Fue la tarde del día de Resurrección, Jesús vuelto a la vida se reúne en aquel mismo día con sus amigos, es Él pero distinto, diferente, ha entrado sin tocar o abrir la puerta. Él está ahora glorificado y posee la “gloria” que el Padre le ha dado, gozando ahora de manera plena y perfecta el “Amor” recíproco que hay entre Él y su Padre, que es el Santo Espíritu, se coloca al principio de la creación, como lo hizo desde el seno de la Trinidad, “sopla” para hacer nuevas todas las cosas… ¡Reciban el Espíritu Santo! Él resucitado es la fuente del don del Espíritu Santo, por eso es que Juan pone a Jesús dándolo en el mismo día de Pascua y cómo Él lo había prometido cinco veces en los discursos de despedida durante la Última Cena. Y, junto al gesto de “soplar” recordando como he señalado anteriormente, el don de dar aliento de vida, están las palabras de “¡Reciban el Espíritu Santo.
A quienes les perdonen los pecados les serán perdonado!” El Espíritu Santo crea una nueva humanidad libre del mal que queda borrado por medio del sacramento del perdón celebrado dentro de la Iglesia, como mediadora de tan maravillosa experiencia de recreación. Cerramos hoy a la luz de estos textos maravillosos en la liturgia de este día santo, reconociendo que la raíz de la efusión del Espíritu Santo está en la Pascua del Señor. Él emerge de la fuente inagotable de la vida del Resucitado, cumpliendo dos tareas para el vivir de la Iglesia nacida del costado abierto del redentor: consolar y enseñar.

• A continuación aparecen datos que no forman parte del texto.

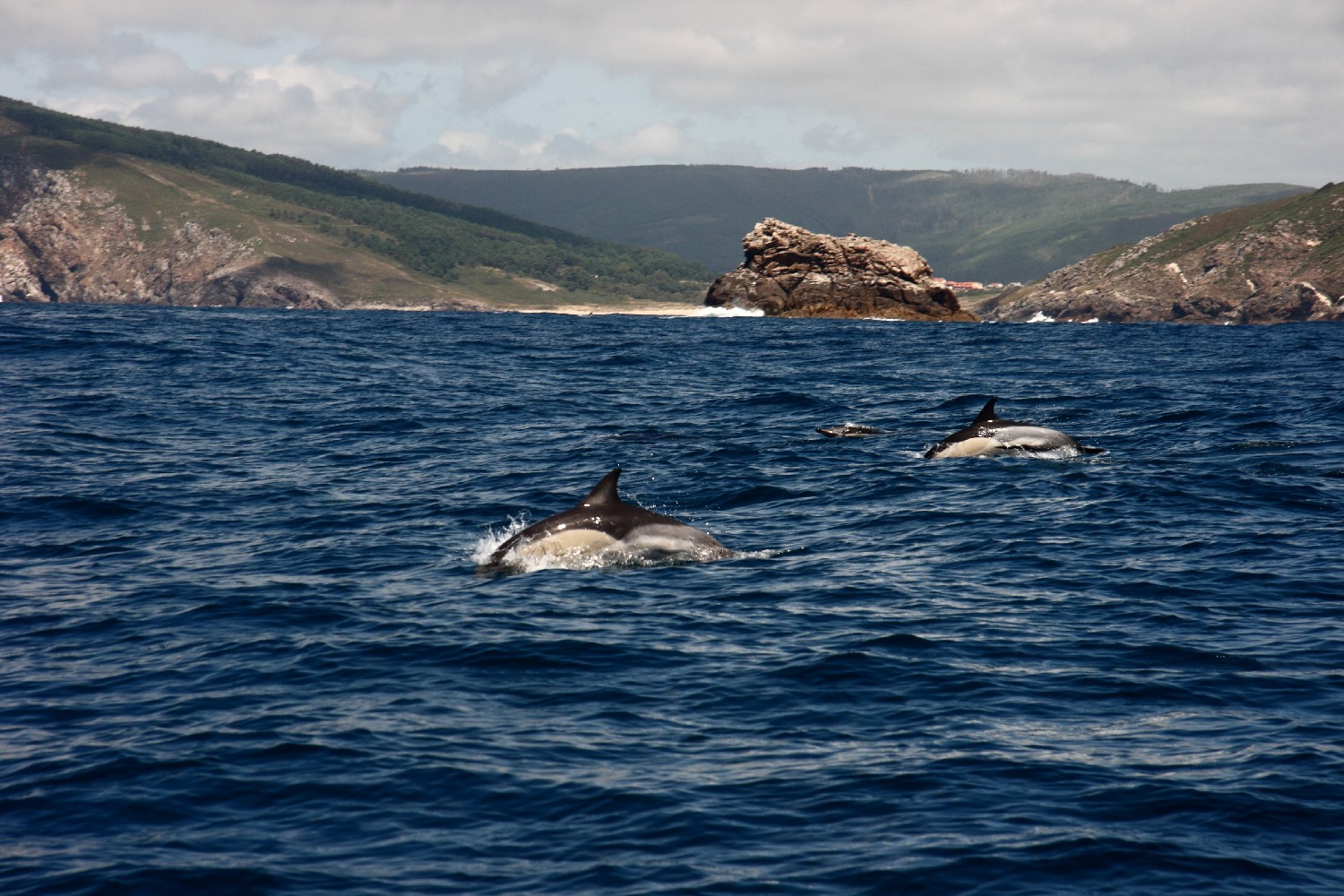 Delphine begleiten uns wieder. Ganz vorsichtig, denn es gibt unheimlich viele Untiefen hier (die Bezeichnung Todesküste ist schon treffend). Als wir in Muros ankamen, hat dort am Hafen ein Bagger die Straße aufgebohrt, sodass wir wegen des Lärms uns entschlossen hatten, das Großsegel wieder hochzuziehen und über die Bucht nach Portosin zu segeln. Dort war der Hafen voll, bzw. alle Plätze reserviert, da eine Flotille mit 30 Booten sich angemeldet hatte. Da möchte man ja sowieso nicht dabei sein. Wir haben kurzentschlossen vor dem Hafen geankert, sind mit dem Schlauchboot einkaufen gefahren und sind dann zum Restaurant am Strand übergesetzt, was wesentlich schöner war, als im Hafen zu liegen. Am Morgen sind wir dann wieder mit dem Beiboot in die Marina motort, um dort zu duschen. Naja, die wollten uns nicht aufnehmen, da dürfen sie uns schon eine Dusche spendieren.

Su presencia en el tiempo de la Iglesia hasta la Parusía, continúa el anuncio obrado por Cristo. Su acción no nos hace tener en un relicario las palabras de Jesús, sino que las hace vivas, presentes, fecundas, las revela en su valor nuevo y oculto, las transforma en semilla que germina. Por eso el Espíritu es necesario para que la Palabra de Dios sea operante, se difunda y anime a la comunidad cristiana.